Hochleistungs-Ultraschall ermöglicht es Ingenieuren, Solesalze innerhalb von Minuten aufzulösen und zu entgasen, um bei Bedarf einheitliche, sauerstoffarme Soles zu produzieren. Klare Halogenidsoleen sind einphasige, feststofffreie wässrige Lösungen von Chlorid- oder Bromidsalzen, die einen präzisen hydrostatischen Druck liefern und gleichzeitig die Formation so wenig wie möglich schädigen. Die Dichte reicht von etwa 1080 kg/m3 (9 lb/gal) für Natriumchlorid-Sole bis zu etwa 2400 kg/m3 (20 lb/gal) für gesättigtes Zinkbromid. Da keine unlöslichen beschwerenden Mineralien vorhanden sind, können diese transparenten Flüssigkeiten auf einen Wert von unter 0,5 NTU gefiltert und durch die Komplettierungshardware gepumpt werden, ohne dass Siebe oder Steuerleitungen verstopfen.

Gebräuchliche Halogensalze und Mischungen von klaren Halogensalzen

Salz Maximale Dichte 20°C (kg/m3) Maximale Dichte 68°F (lb/gal)
Natriumchlorid (NaCl) 1200 10.0
Kalziumchlorid (CaCl2) 1430 11.9
Natriumbromid (NaBr) 1520 12.7
Kalziumbromid (CaBr2) 1700 14.2
Zinkbromid (ZnBr2) 2400 20.0

Mittlere Dichten werden durch Mischen erreicht. Ein Massenverhältnis von 60:40 von CaBr2 zu ZnBr2 ergibt ca. 2070 kg/m3, wobei die Kristallisation unter 4°C bleibt.

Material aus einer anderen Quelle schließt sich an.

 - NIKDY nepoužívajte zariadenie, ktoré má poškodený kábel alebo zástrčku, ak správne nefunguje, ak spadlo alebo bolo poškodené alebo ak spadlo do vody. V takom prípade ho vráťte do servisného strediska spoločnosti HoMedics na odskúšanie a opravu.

Gasbohranlage mit Containern

Wichtige Leistungsattribute

  • Kein Filterkuchen: Die hydrostatische Förderhöhe ergibt sich aus der tatsächlichen Dichte der Lösung.
  • Lehmhemmung: Ca2+ und Zn2+ unterdrücken die Quellung und Dispersion des Schiefers.
  • Optische Klarheit: Klare Halogenidsolen ermöglichen eine zuverlässige Filtration, Inline-Partikelzählung und Gammastrahlenverfolgung.

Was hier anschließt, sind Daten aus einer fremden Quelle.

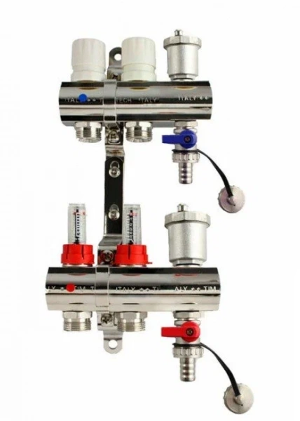 1. Главная функция коллекторных блоков - равномерное распределение теплоносителя в системах водяного теплого пола. Они обеспечивают подачу тепла к отдельным потребителям, таким как радиаторы, группы радиаторов или контуры теплых полов.
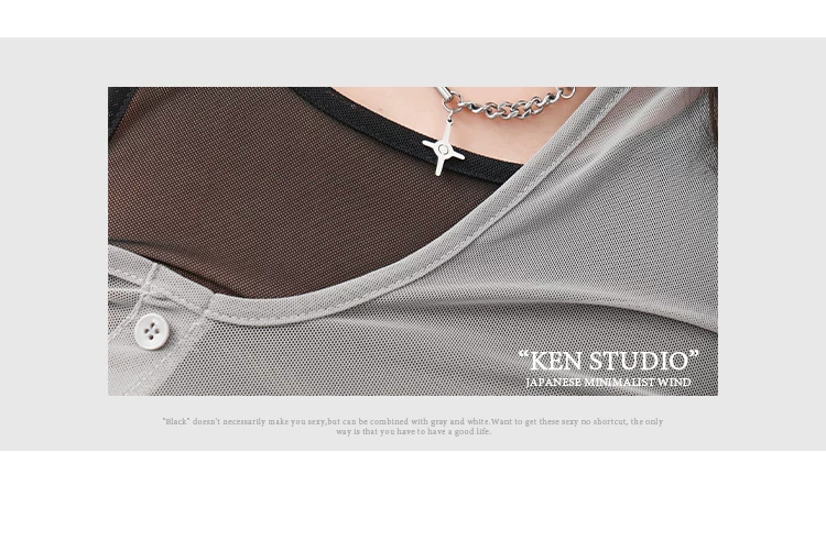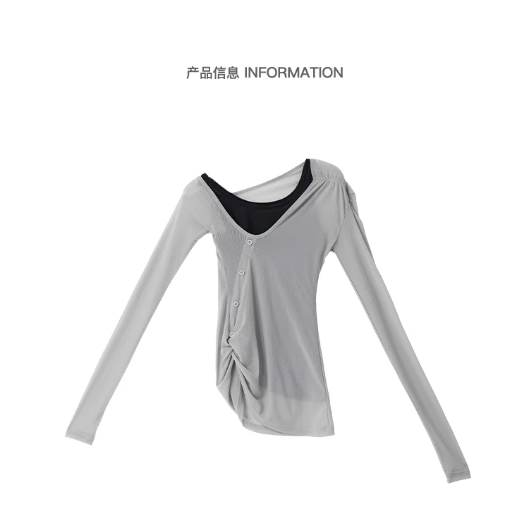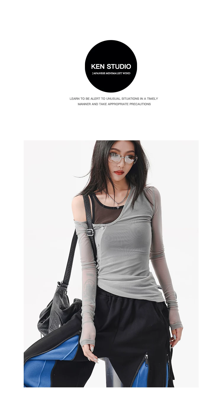 KEN STUDIO áo ba lỗ màu xám dáng ôm vừa vặn chống nắng che nắng giả hai mảnh áo thun dài tay lưới
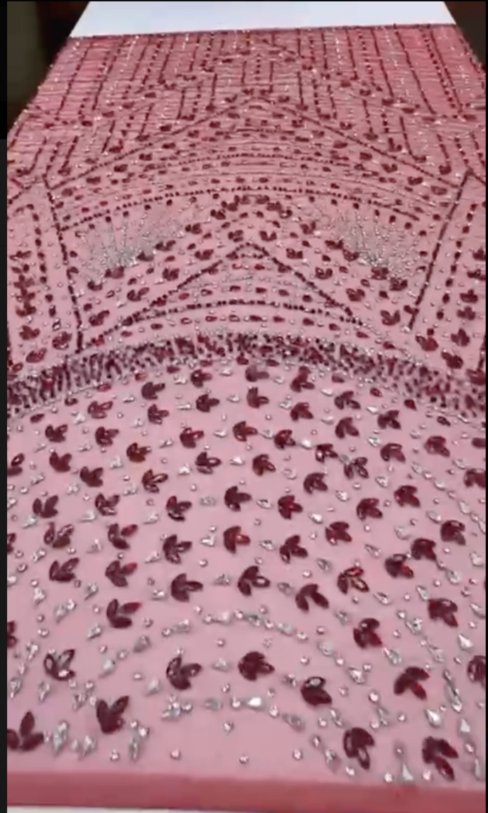 This breathtaking Ruby Blush Crystal Beaded Tulle is a masterpiece of modern couture embellishment. Set on a soft ivory illusion base, the fabric features densely hand-placed crystals, rhinestones, and faceted stones arranged in graceful cascading arches and fan-like patterns.
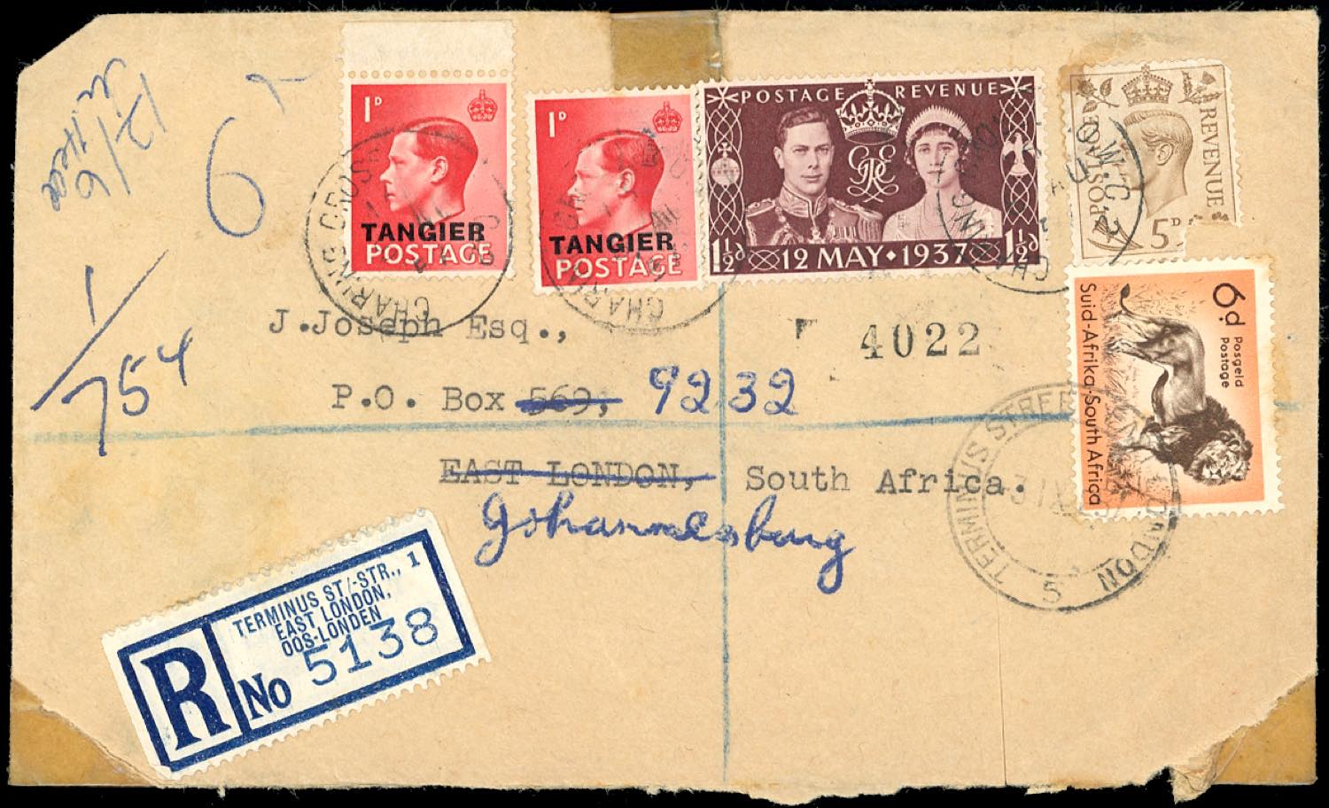 GRAN BRETAGNA TANGIER/SOUTH AFRICA 1957 - Redirected with additional franking.
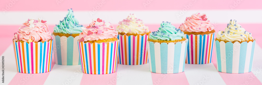 Cupcakes with pink, white and blue icing
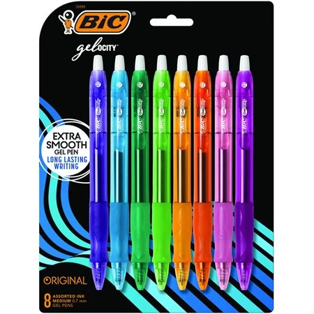 Écriture fluide et sans effort. L’encre sèche rapidement. Pointe moyenne. 0,7 mm. Paquet de 8. Couleurs variées.

Überlegungen zur Flüssigkeitsgestaltung

Die Planung beginnt mit der angestrebten Dichte und prüft dann die Kristallisationsgrenze, die Kompatibilität der Formation und die Korrosion. Zinkhaltige Solen bieten die höchste Dichte, erfordern aber eine verbesserte Metallurgie und Inhibitorpakete.

Mischen und Qualitätskontrolle in Halogenid-Sole

Bei der Herstellung klarer Halogenid-Sole wird die Auflösung der Salze durch den Stoffaustausch an der Fest-Flüssig-Grenze begrenzt. Hochleistungs-Ultraschall verkürzt die Chargenzeit durch Dispergieren von Feinanteilen und Kollabieren von Diffusionsschichten. Solen in Fertigstellungsqualität durchlaufen 1-2 µm-Patronen, um einen Wert von unter 0,4 NTU zu erreichen.

Das Auflösen ist eine der vielen leistungsstarken Anwendungen der Ultraschalltechnik. Das Video demonstriert das schnelle Auflösen von Salzkristallen in Wasser mit dem Hielscher UP200St.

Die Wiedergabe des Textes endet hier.